It was an age of dragons, and heroes, and mouse-related repetitive stress injury. You lose yourself in it. You need gold and experience points. Do you:
(a) look for gold? (Go to 16)
(b) look for experience points? (Go to 16)


……….

3.

There is no such thing as a “single episode of Battlestar Galactica“. The afternoon and evening pass in a blur of Cylons. Pretty soon it’s time to go to bed.

But you still have another season to watch, so you stay up all night.

So that’s tomorrow’s writing schedule hosed as well, then.

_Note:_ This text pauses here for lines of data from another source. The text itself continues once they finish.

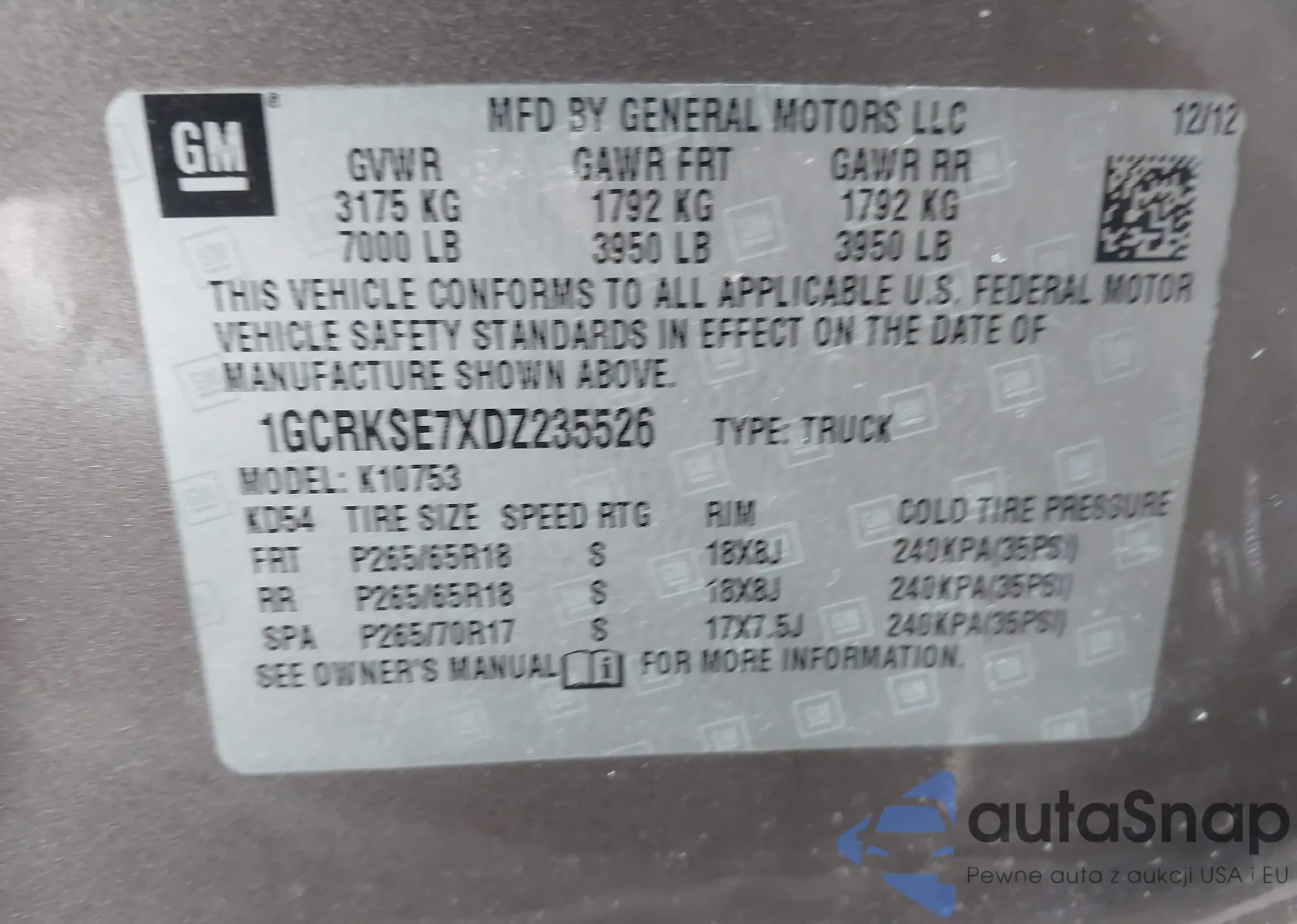 The car Chevrolet Silverado 2013 (VIN 1GCRKSE7XDZ235526) has not been auctioned before. The documents are clean, and the mileage matches or is below the market average. Sold by an insurance company – we recommend purchase. Delivery to the port will take approx. 6–8 weeks.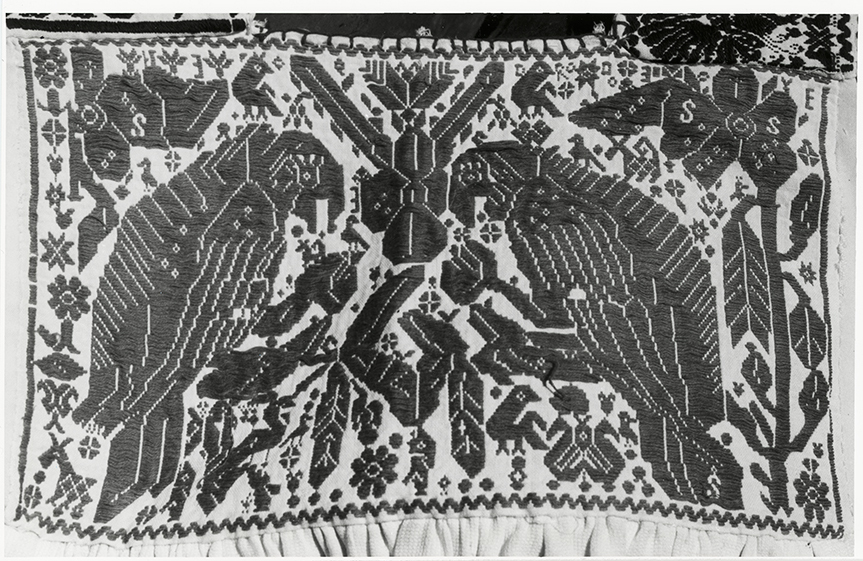 Dechado proveniente de la comunidad de Huilacapixtla, Puebla. Se observa en el centro del dechado un par de aves, rodeadas de motivos florales y geométricos, así como de otras aves de menor tamaño, todos bordados.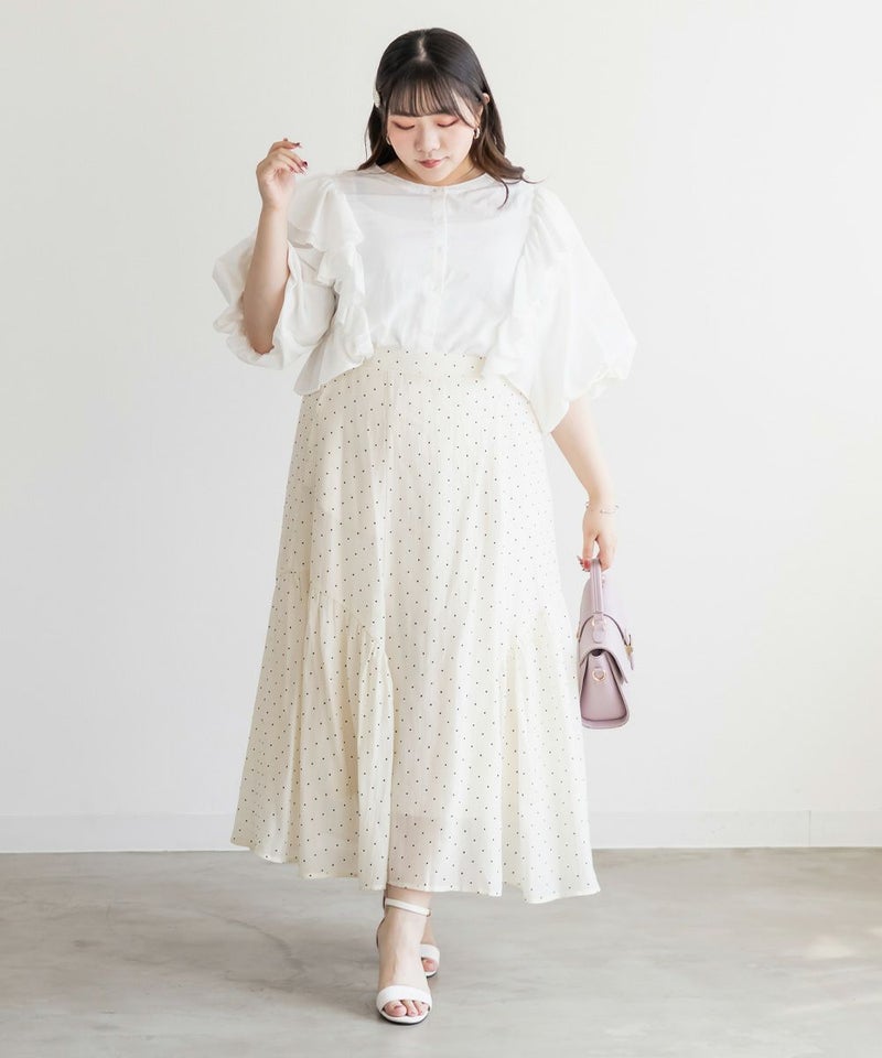CLETTE オリジナル 水玉 ロングスカート シアースカート フレア LL 3L 4L クレット カジュアル フェミニン CLETTEオリジナル★サイドギャザーシアードットスカート ¥ 5,940 税込 お気に入りに登録する
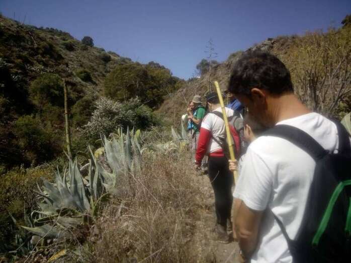 El recorrido, de unos 6 kilómetros de distancia y de dificultad alta, discurrió en gran parte por el Valle de San Roque, cruzando la divisoria que separa los municipios de Telde y Valsequillo. Así, en La Solana, a unos 214 sobre el nivel del mar, el grupo bajó al cauce del barranco para remontarlo hasta San Roque y pasar junto a las instalaciones abandonadas de la embotelladora de agua.
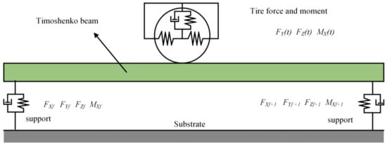 To order to consider the influence of the shear and torsional deformation of the track beam on the vibration characteristics of the straddle monorail system, a flexible track beam model is established based on the Timoshenko beam theory [12,13,14] and the following assumptions are made: Ignoring the flexibility of the bridge piers and connecting the track beam to the ground through elastic support.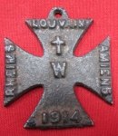 Original era manufacture. Cast Iron Cross with a suspension loop at the top. Louvain with locations listed on each arm. Measures 43 mm x 50 mm.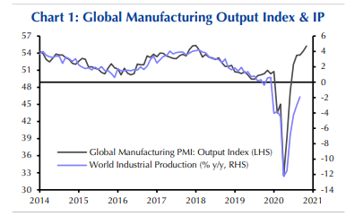 Der PMI (Purchasing Manager Index = Einkaufsmanagerindex) für das globale verarbeitende Gewerbe (manufacturing sector) stieg im November im siebten Monat in Folge. Die Beeinträchtigungen des November-Lockdowns, vor allem in Europa, belasten die Industrie bei weitem nicht so stark wie im März und April 2020.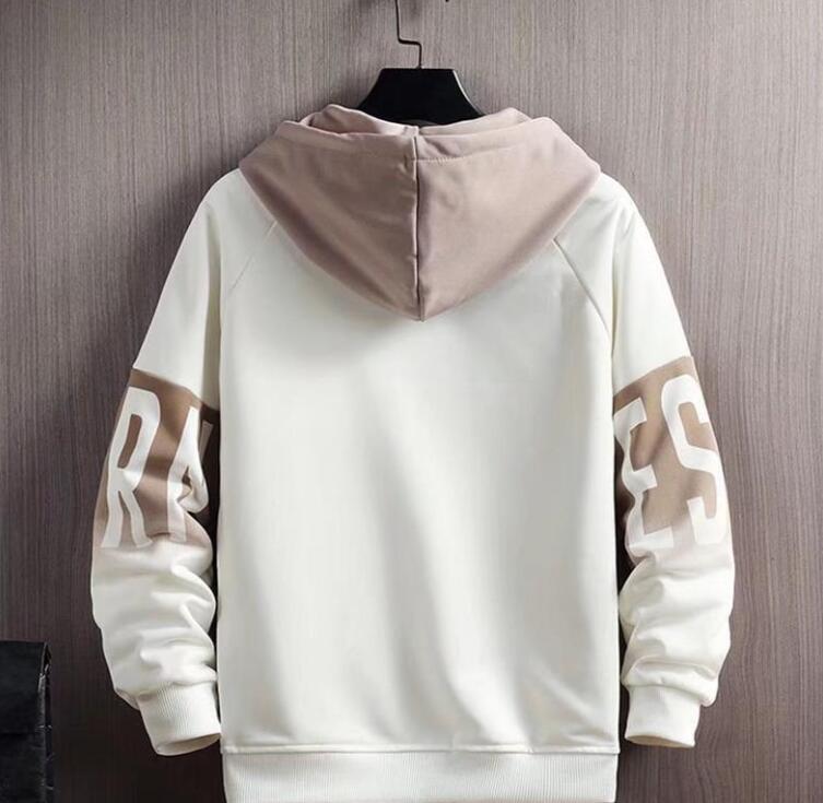 上質パーカー メンズ プルオーバー 長袖 フード付き 英文字 袖ライン カジュアル プルパーカー 春夏秋冬 ホワイト 2XL

Oh man, you could have been somebody.

THE END


……….

4.

OMG OMG OMG! @NASA has retweeted your tweet about space kittens! And now 1,737,763 people will want to know more about the peep behind the tweet! You HAVE to follow up while the social media spotlight is shining down on little ole’ you. Do you:

(a) immediately log onto Twitter and tweet out the good news, carefully phrasing it so it sounds like you and NASA hang out all the time, hey no big deal? (Go to 17)
(b) stiffen your upper lip, straighten your back and resist the temptation to fly your own flag online? (Go to 10)


……….

5.

You knock back a couple of stiff ones, and as the alcohol slams into your bloodstream you gradually un-knurd. Unfortunately your nervous system is so disgusted with you that it shuts down in protest, and you fall asleep, hugging your whisky bottle. When you wake up, it’s growing dark. It’s like being a student again – in the sense that you got absolutely nothing done today.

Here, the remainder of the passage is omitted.